• [ASSIGNMENT]:
Return all of the data that follows precisely, leaving every image out.

• [DATASET EXCERPT]:
<<<<

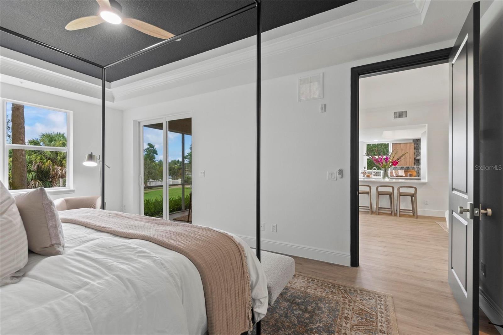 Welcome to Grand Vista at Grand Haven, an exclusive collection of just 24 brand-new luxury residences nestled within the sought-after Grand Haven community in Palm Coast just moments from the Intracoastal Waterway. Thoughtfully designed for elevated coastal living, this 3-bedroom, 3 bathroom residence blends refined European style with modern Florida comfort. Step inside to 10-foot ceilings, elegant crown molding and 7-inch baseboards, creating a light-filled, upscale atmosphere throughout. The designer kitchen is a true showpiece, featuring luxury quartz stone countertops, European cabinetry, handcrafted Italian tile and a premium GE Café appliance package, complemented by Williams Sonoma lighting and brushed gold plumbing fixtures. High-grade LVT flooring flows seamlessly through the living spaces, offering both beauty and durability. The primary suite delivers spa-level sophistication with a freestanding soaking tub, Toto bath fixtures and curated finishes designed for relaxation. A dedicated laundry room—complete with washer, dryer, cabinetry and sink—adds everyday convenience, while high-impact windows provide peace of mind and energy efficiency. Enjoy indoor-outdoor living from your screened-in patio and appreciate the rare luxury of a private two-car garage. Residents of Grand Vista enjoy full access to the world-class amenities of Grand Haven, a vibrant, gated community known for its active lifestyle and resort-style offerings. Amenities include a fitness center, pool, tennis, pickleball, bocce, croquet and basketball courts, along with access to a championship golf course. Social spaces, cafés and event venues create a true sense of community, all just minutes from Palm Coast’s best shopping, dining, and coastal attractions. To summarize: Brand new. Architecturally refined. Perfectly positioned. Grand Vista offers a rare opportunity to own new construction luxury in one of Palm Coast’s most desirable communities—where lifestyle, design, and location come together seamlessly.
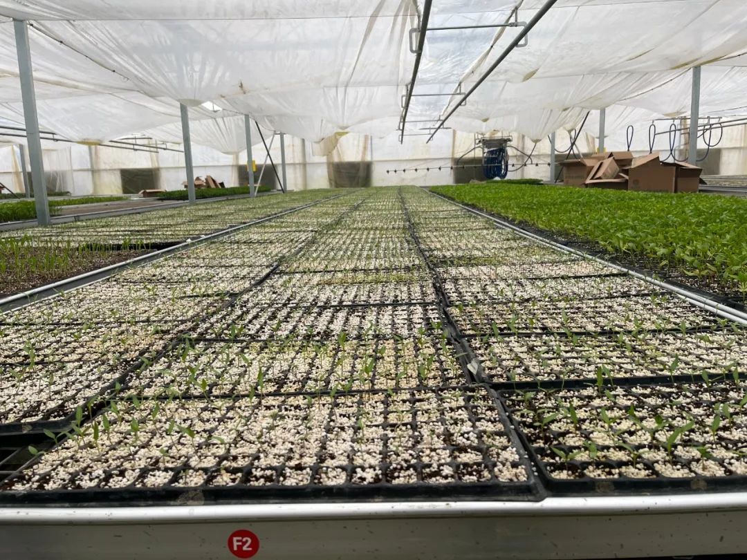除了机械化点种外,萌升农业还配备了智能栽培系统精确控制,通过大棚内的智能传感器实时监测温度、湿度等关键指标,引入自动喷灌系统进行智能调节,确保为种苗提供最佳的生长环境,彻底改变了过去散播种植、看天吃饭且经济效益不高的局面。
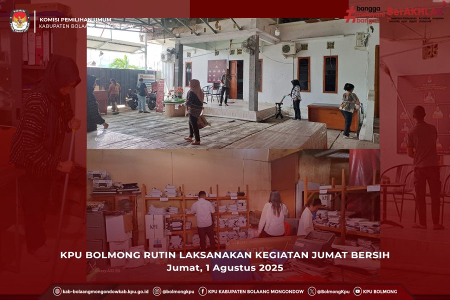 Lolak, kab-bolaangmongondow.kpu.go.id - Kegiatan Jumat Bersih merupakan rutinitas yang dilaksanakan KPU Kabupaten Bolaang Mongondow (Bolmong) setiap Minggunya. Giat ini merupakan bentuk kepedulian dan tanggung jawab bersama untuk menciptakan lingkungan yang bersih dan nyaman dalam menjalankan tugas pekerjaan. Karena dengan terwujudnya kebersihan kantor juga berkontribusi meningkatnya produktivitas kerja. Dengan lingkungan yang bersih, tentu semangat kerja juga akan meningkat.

>>>>

• [RESPONSE TO THIS TASK]:
 Welcome to Grand Vista at Grand Haven, an exclusive collection of just 24 brand-new luxury residences nestled within the sought-after Grand Haven community in Palm Coast just moments from the Intracoastal Waterway. Thoughtfully designed for elevated coastal living, this 3-bedroom, 3 bathroom residence blends refined European style with modern Florida comfort. Step inside to 10-foot ceilings, elegant crown molding and 7-inch baseboards, creating a light-filled, upscale atmosphere throughout. The designer kitchen is a true showpiece, featuring luxury quartz stone countertops, European cabinetry, handcrafted Italian tile and a premium GE Café appliance package, complemented by Williams Sonoma lighting and brushed gold plumbing fixtures. High-grade LVT flooring flows seamlessly through the living spaces, offering both beauty and durability. The primary suite delivers spa-level sophistication with a freestanding soaking tub, Toto bath fixtures and curated finishes designed for relaxation. A dedicated laundry room—complete with washer, dryer, cabinetry and sink—adds everyday convenience, while high-impact windows provide peace of mind and energy efficiency. Enjoy indoor-outdoor living from your screened-in patio and appreciate the rare luxury of a private two-car garage. Residents of Grand Vista enjoy full access to the world-class amenities of Grand Haven, a vibrant, gated community known for its active lifestyle and resort-style offerings. Amenities include a fitness center, pool, tennis, pickleball, bocce, croquet and basketball courts, along with access to a championship golf course. Social spaces, cafés and event venues create a true sense of community, all just minutes from Palm Coast’s best shopping, dining, and coastal attractions. To summarize: Brand new. Architecturally refined. Perfectly positioned. Grand Vista offers a rare opportunity to own new construction luxury in one of Palm Coast’s most desirable communities—where lifestyle, design, and location come together seamlessly.
除了机械化点种外,萌升农业还配备了智能栽培系统精确控制,通过大棚内的智能传感器实时监测温度、湿度等关键指标,引入自动喷灌系统进行智能调节,确保为种苗提供最佳的生长环境,彻底改变了过去散播种植、看天吃饭且经济效益不高的局面。
 Lolak, kab-bolaangmongondow.kpu.go.id - Kegiatan Jumat Bersih merupakan rutinitas yang dilaksanakan KPU Kabupaten Bolaang Mongondow (Bolmong) setiap Minggunya. Giat ini merupakan bentuk kepedulian dan tanggung jawab bersama untuk menciptakan lingkungan yang bersih dan nyaman dalam menjalankan tugas pekerjaan. Karena dengan terwujudnya kebersihan kantor juga berkontribusi meningkatnya produktivitas kerja. Dengan lingkungan yang bersih, tentu semangat kerja juga akan meningkat.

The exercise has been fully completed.